■ EXERCISE DESCRIPTION ■
Range to repeat from the listing below: the line containing "Temecula Outdoor Ottomans" down to the line containing "在地區(qū)黨史學習教育展", both included. Copy it exactly, pictures excluded, and add nothing else.

■ EXCERPTED RECORDS ■
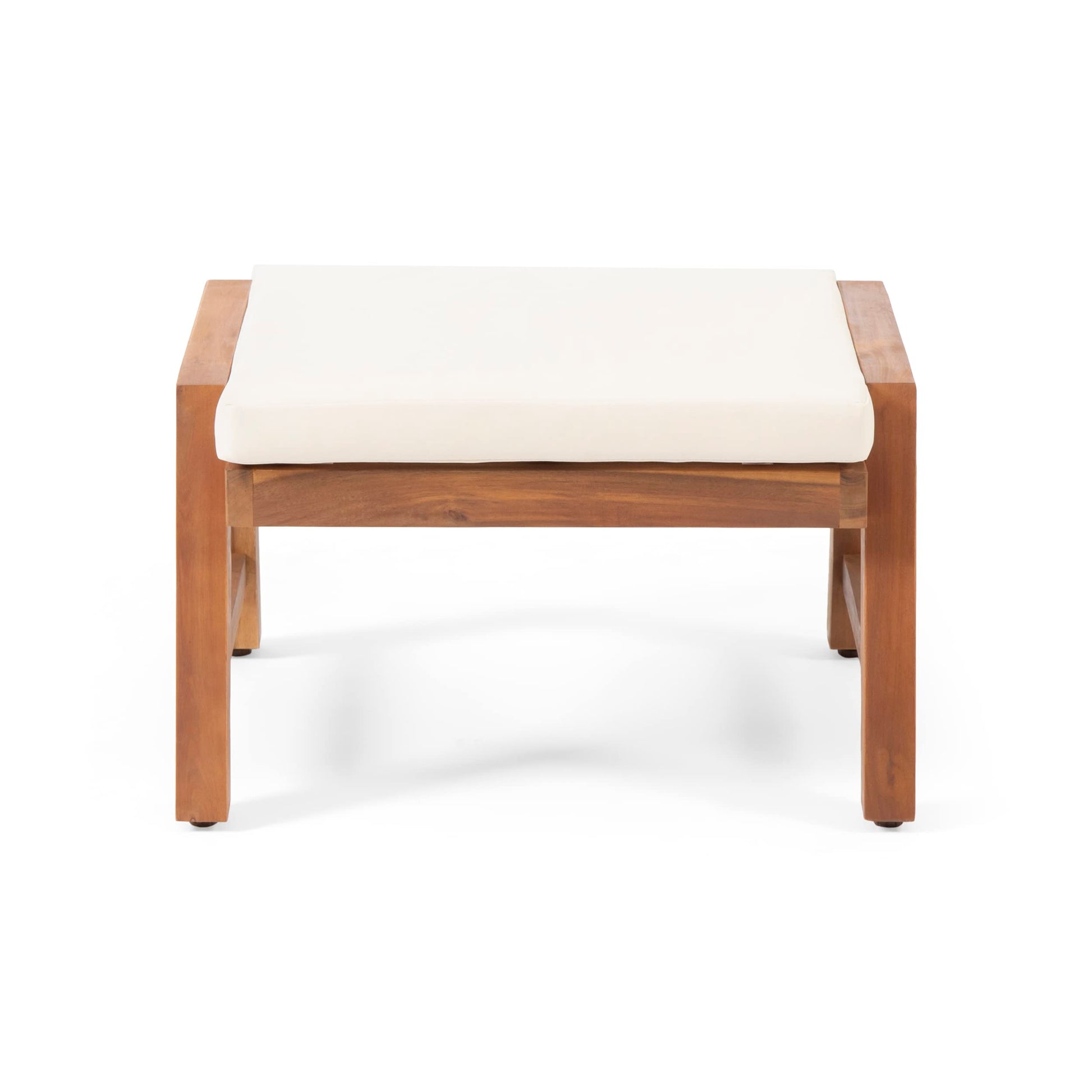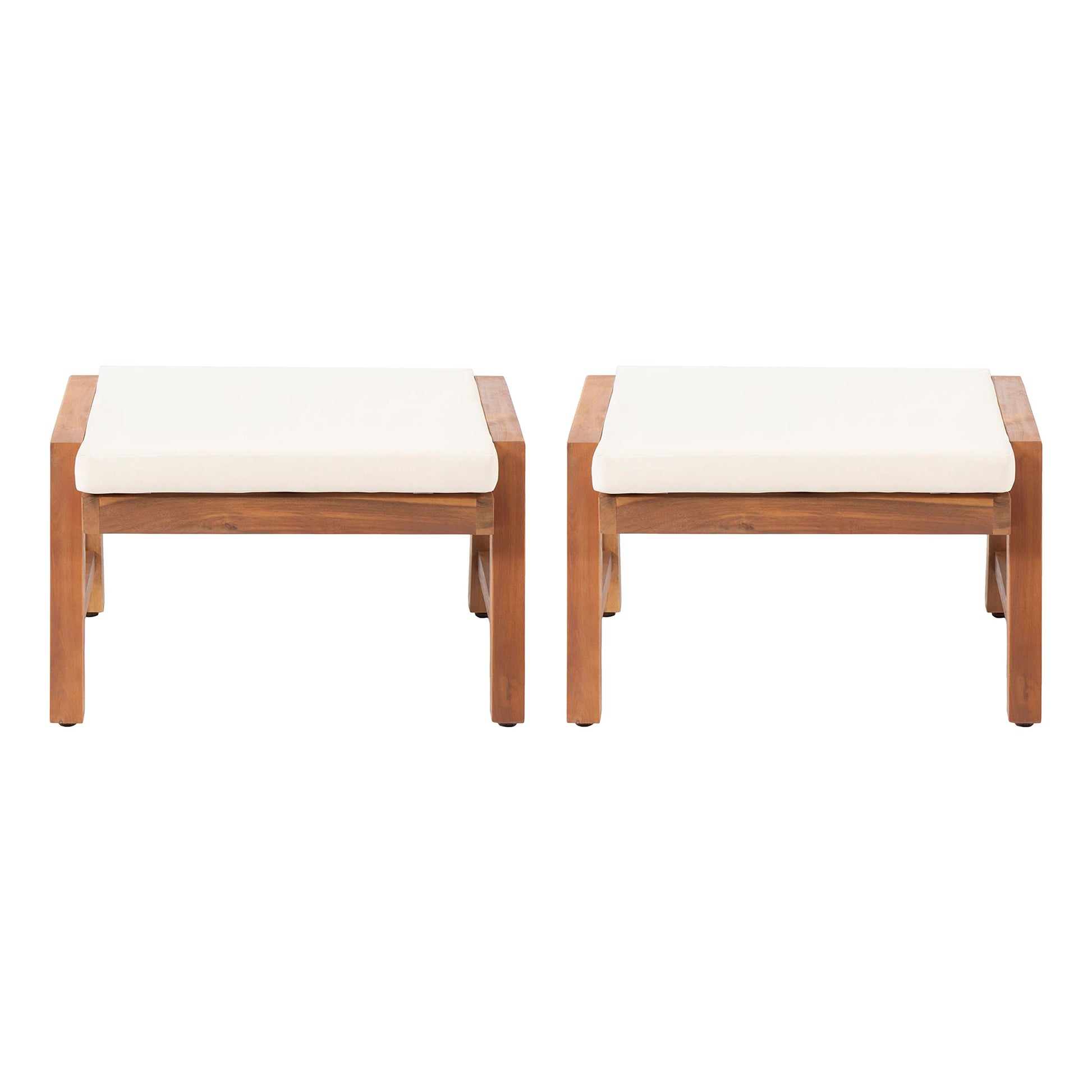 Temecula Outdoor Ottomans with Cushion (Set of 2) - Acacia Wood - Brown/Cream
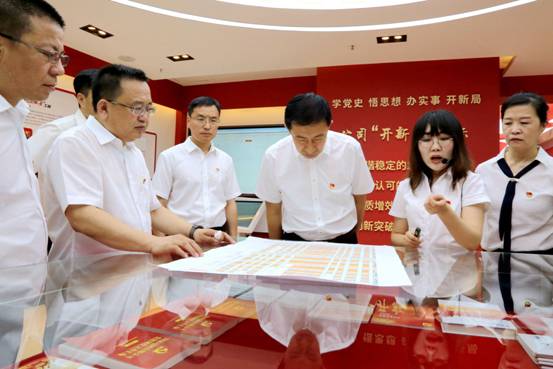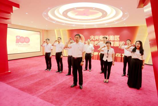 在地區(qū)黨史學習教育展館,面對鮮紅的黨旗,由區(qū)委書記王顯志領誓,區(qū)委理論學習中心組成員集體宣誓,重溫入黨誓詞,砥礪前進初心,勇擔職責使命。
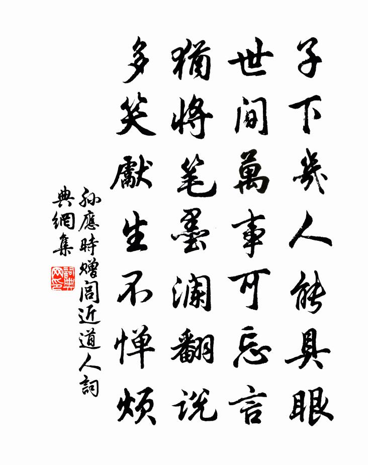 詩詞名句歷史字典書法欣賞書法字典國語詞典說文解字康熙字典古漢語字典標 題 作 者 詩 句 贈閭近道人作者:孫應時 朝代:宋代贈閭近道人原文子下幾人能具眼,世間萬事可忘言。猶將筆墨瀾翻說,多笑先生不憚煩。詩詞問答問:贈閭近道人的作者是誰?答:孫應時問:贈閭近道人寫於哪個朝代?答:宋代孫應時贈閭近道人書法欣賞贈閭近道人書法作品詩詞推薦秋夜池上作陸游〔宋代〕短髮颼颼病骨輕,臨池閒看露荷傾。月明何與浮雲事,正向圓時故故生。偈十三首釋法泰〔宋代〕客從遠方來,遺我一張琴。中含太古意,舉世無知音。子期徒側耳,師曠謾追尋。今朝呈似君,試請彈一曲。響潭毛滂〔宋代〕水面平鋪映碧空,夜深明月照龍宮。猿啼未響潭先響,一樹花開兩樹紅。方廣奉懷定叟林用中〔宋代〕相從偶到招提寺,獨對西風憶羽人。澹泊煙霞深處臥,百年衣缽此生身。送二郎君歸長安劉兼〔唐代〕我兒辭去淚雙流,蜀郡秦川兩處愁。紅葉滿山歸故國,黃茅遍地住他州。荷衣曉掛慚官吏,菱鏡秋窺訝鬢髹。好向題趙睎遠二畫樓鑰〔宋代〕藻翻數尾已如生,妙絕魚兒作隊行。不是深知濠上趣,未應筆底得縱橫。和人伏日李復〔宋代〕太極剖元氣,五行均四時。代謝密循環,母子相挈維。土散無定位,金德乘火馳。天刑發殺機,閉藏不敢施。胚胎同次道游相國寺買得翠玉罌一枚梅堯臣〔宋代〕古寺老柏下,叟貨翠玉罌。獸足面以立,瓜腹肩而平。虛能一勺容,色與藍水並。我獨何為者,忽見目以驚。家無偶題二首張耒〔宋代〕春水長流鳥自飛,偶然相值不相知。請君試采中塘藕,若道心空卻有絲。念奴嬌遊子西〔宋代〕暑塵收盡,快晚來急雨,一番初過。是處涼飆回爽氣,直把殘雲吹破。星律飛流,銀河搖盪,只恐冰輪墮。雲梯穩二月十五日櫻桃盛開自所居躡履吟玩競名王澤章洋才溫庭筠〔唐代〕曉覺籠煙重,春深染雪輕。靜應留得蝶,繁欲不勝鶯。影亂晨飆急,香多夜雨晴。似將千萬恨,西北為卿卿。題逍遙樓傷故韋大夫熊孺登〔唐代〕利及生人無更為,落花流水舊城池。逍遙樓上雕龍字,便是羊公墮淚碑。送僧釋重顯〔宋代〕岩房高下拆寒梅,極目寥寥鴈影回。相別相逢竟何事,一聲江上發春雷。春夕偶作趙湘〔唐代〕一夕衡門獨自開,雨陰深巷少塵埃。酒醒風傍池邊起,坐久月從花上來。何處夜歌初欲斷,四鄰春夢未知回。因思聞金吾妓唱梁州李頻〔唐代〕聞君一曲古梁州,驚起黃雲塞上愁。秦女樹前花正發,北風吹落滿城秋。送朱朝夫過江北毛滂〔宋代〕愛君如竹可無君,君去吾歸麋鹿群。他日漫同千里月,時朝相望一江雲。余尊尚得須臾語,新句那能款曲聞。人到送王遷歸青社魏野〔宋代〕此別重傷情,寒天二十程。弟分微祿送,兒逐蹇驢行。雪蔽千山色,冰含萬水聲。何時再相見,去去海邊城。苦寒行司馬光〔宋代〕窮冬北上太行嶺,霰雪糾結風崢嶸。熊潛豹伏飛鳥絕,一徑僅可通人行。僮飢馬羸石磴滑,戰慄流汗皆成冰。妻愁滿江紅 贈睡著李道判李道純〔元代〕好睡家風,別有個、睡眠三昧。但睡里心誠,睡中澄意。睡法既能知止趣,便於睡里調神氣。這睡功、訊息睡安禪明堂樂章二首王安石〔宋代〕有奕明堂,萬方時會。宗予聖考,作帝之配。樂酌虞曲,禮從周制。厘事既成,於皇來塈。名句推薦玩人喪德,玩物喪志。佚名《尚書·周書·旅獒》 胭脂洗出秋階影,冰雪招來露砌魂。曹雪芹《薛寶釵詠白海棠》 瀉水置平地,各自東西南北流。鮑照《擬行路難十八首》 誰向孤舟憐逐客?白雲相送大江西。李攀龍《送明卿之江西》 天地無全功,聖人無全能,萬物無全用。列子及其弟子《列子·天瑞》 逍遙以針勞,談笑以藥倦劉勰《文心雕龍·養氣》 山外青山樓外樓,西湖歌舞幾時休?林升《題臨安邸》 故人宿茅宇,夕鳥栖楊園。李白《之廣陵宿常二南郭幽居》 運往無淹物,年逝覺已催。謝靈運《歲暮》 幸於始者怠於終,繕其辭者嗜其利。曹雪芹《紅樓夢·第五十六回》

---

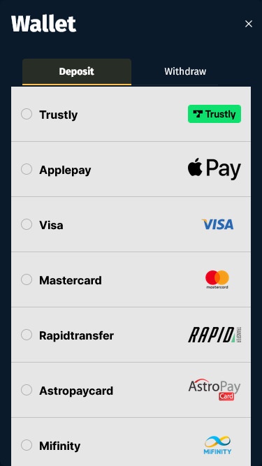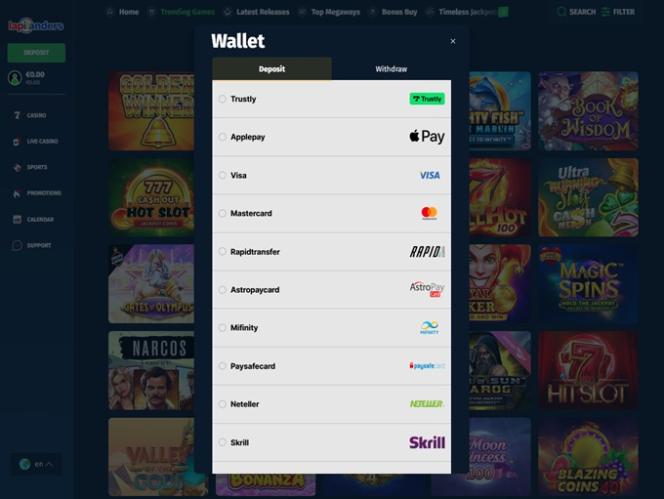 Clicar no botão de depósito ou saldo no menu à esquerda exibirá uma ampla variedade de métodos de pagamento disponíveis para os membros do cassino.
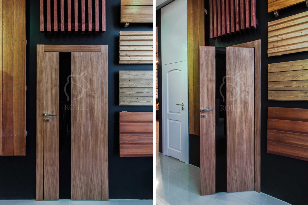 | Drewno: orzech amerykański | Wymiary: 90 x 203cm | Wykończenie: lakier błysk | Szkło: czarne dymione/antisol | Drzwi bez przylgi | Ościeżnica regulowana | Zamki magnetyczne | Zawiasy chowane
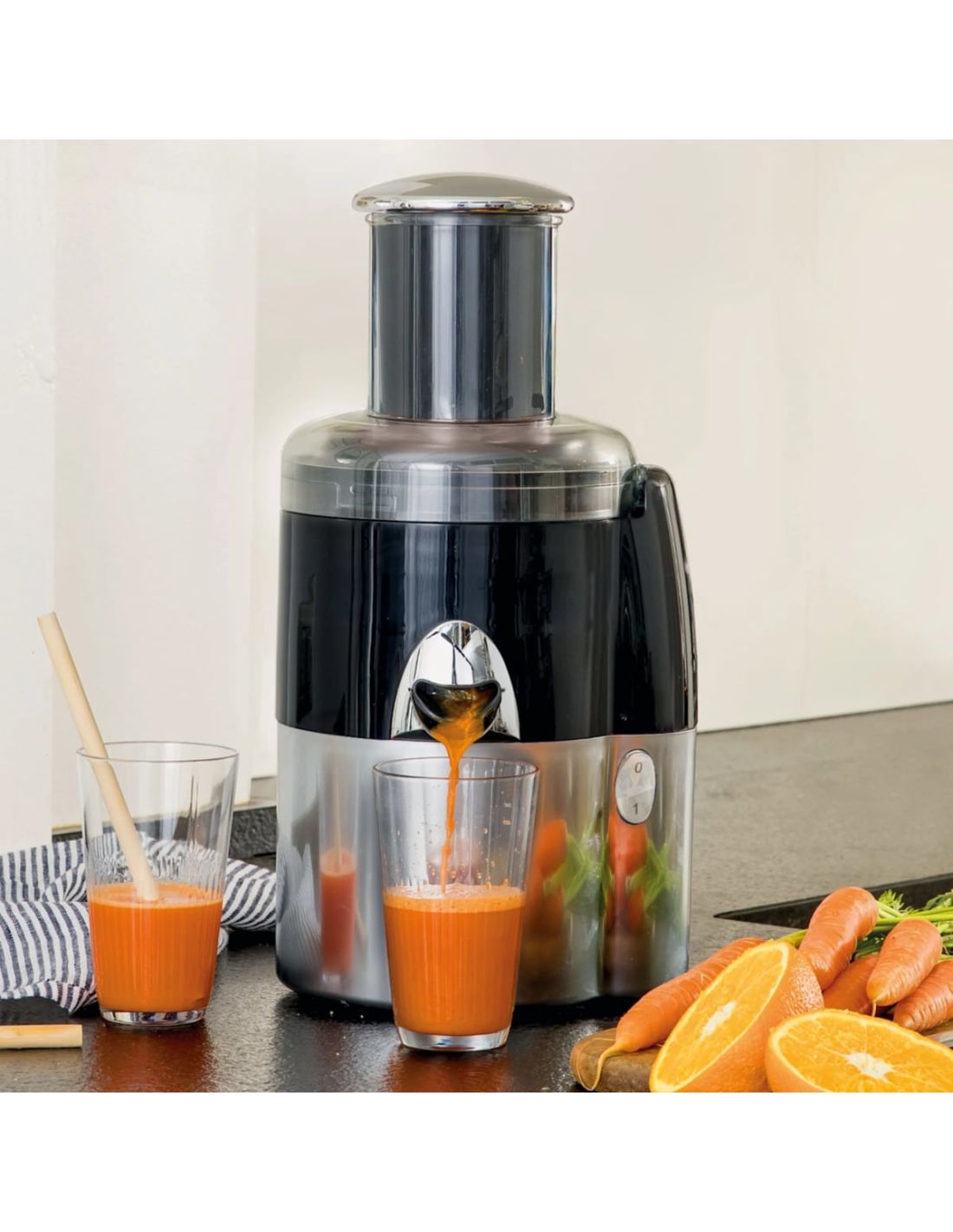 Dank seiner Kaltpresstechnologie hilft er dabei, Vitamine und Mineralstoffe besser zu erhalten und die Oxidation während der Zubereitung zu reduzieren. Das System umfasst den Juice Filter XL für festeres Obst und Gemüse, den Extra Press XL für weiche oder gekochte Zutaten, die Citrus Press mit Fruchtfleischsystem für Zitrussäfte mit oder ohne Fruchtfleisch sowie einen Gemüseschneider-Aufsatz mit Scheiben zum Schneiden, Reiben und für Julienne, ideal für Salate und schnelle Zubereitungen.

■ ANSWER SECTION ■
 Temecula Outdoor Ottomans with Cushion (Set of 2) - Acacia Wood - Brown/Cream
 在地區(qū)黨史學習教育展館,面對鮮紅的黨旗,由區(qū)委書記王顯志領誓,區(qū)委理論學習中心組成員集體宣誓,重溫入黨誓詞,砥礪前進初心,勇擔職責使命。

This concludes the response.